●第4話 神奈川支部設立総会(いよいよスタート!サァこれからだぁ)

 2回目の準備会終了後の反響は3人の想像以上のものとなった。網膜色素変性症(RP)が特定疾患と認定されたのと同時に開催されたこともあるが、患者だけではなく、県内の福祉行政担当者や保健所関係者からの問い合わせが3人の元に来るようになったのである。

 特に問い合わせ先として中村の会社の電話番号を記した資料を保健所などに配布したばかりでなく、新聞に設立準備会が記事として掲載され、その中に中村の会社の電話番号が記されていたからたまったものではなかった。新聞が配られた日から会社の電話は問い合わせで鳴りっぱなし、仕事どころではなかった。
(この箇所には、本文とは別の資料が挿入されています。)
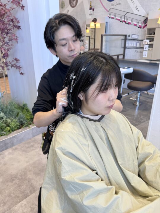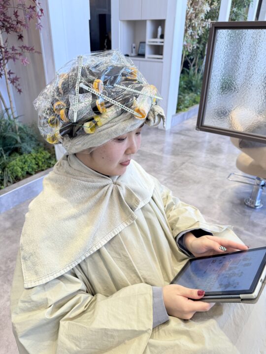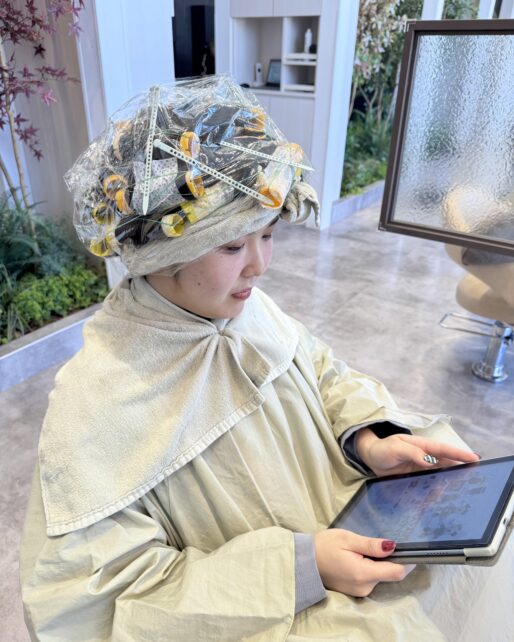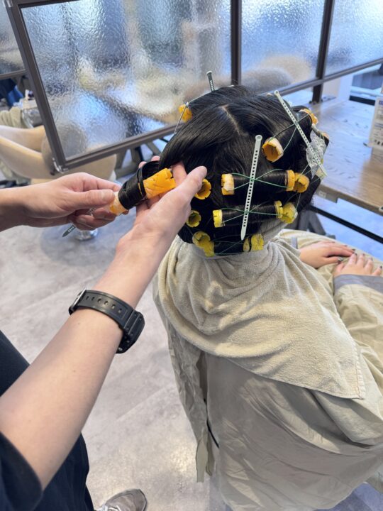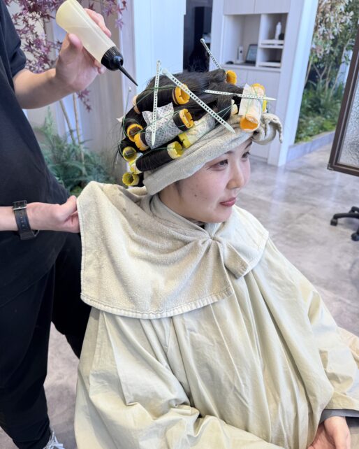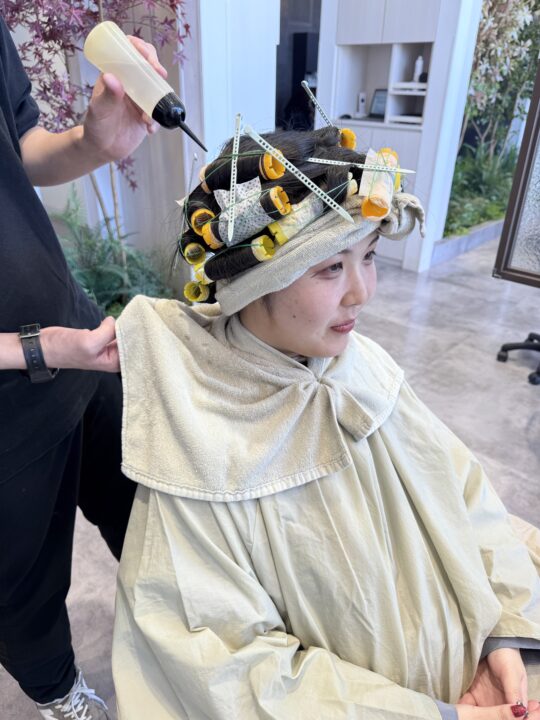 パーマのかかり具合をチェックします。かかっていたら形を固定する2剤を塗布していきます。2剤をつけた後は5分ほど時間を置いていきます。 -

 この反響の大きさが障害に関わることでなければ嬉しい誤算、嬉しい悲鳴などと表現されるだろう。しかし、嬉しいなどといってはいられない。RPによって悩み、不安な生活を送っている人たちがいる。3人は身を引き締める思いで支部設立へと急いだ。

パソコンで議案書を読み上げ
 茅ヶ崎の準備会から約1年。新たな仲間とともに神奈川県民ホール大会議室で設立総会が開催された。JRPS最初の支部が誕生する。そして神奈川支部の設立総会は今では伝説となった画期的な方法で行われたのである。
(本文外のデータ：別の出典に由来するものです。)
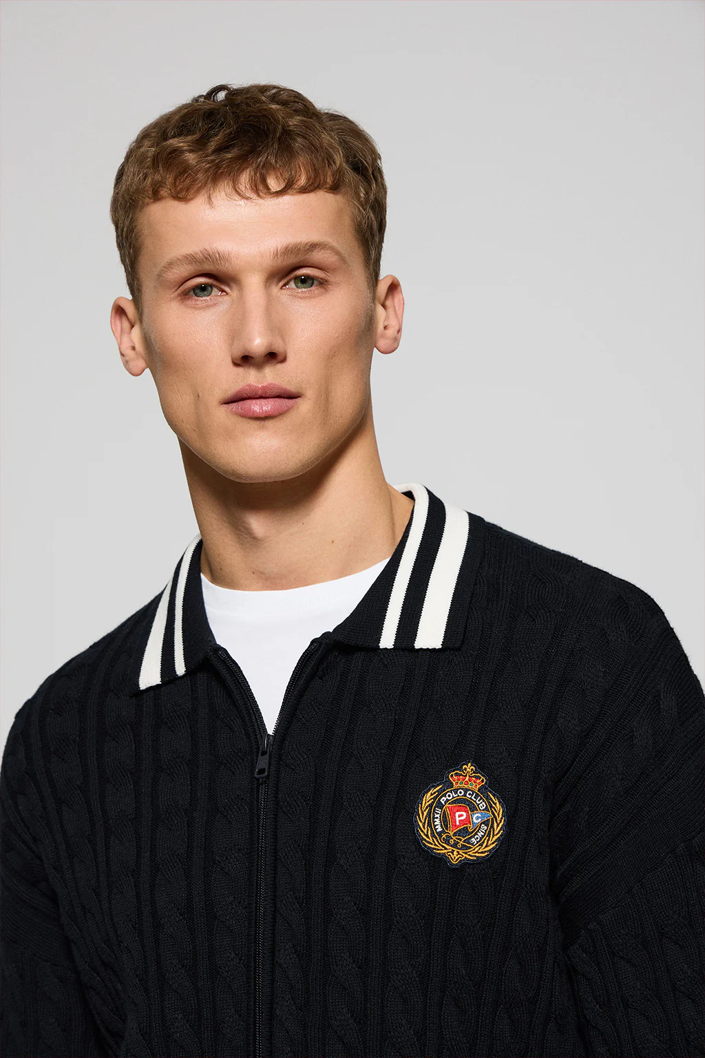 Navy-blue cable-knit cardigan with zip and nautical logo

 それは議案書を音声合成ソフトを使ってパソコンに読み上げさせるというものだった。家庭にパソコンが普及してはいても視覚障害者が仕事以外で持つほど一般的ではない時代。ましてや音声で使用できることなど知らない者がほとんどだった頃である。

 音声ソフトとパソコンの説明の後、スピーカーから流れた音に会場内は大きなどよめきが起こったのである。総会終了後に行われた講演。でも、この手法に驚きとそのチャレンジ精神に驚嘆の言葉を投げかけてから本題に入る講師もいた。

 100名を越える参加者を得て、総会は無事に終了した。しかし、中村と二宮には一つの心のこりがあった。それは支部運営の中心となる役員の中に宮本の名を連ねることができなかったことである。
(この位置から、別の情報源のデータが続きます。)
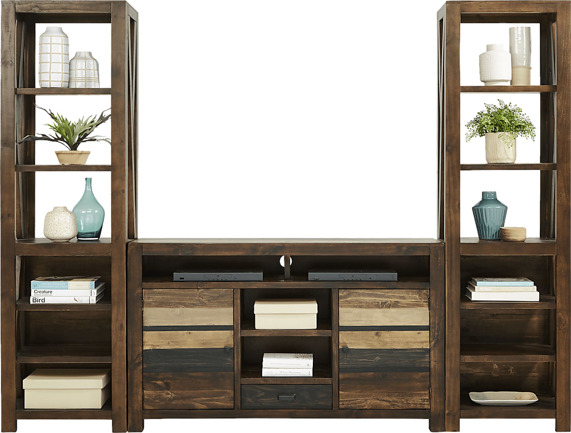 Boasting rustic contemporary style, the Westover Hills console is a practical and stylish storage solution for your living room. Perfect for your TV and entertainment accessories, this piece is crafted of Brazilian pine in a beautiful brown finish. Two side doors combine with a middle drawer to offer plenty of concealed storage. Plus, helping you stay organized are two small shelves in the center. An additional shelf extends along the top, just underneath the surface, providing a handy spot to place consoles and more. Designed with convenience in mind, a hole for cable management makes it easy to plug in electronic devices and complete your setup. This wall unit includes two piers to display art, photos and decor.

 他の役員とは違い、偶然の出会いから苦労を共にしてきた3人。それぞれの生活の苦労も十分すぎるほど理解し合っている仲だった。だからこそ、宮本の役員辞退の申し出に心ならずも承諾するしかなかったのである。

 役員紹介の際、中村と二宮は役員ではない宮本を今までの苦労にねぎらいと感謝の言葉をそえて、出席者に紹介したのである。宮本が人前でマイクを持ったのはこの日が最初で最後であった。しかし、その後の支部活動において、縁の下の力となって、雑用を引き受け働く宮本の姿があった。設立準備から設立総会へ。そしてその後の宮本の影の活動は役員の支えとなっていた。

 ならば、中村と二宮の思い、そしてこの物語の作者の意志により、支部役員としてではなく、支部運営のための神奈川支部チームが誕生したと、ここに書き記すことにしよう。

 神奈川に、新たな目的と夢をそしてそれを実現させるために生まれたJRPS神奈川支部チームメンバーを紹介する。

 宮本・中村・二宮・大窪・須貝・森田・小泉・内田、計8名である。
 チームリーダー(支部長)を中村としてスタート。10年の歩みの中、それぞれの事情もあり、中心メンバーを退く者もいたがそれは、新たな風を吹き込む新旧交代とも言える。中村もまた、リーダーを大窪に譲り、後を任せたのは設立から5年後のことであった。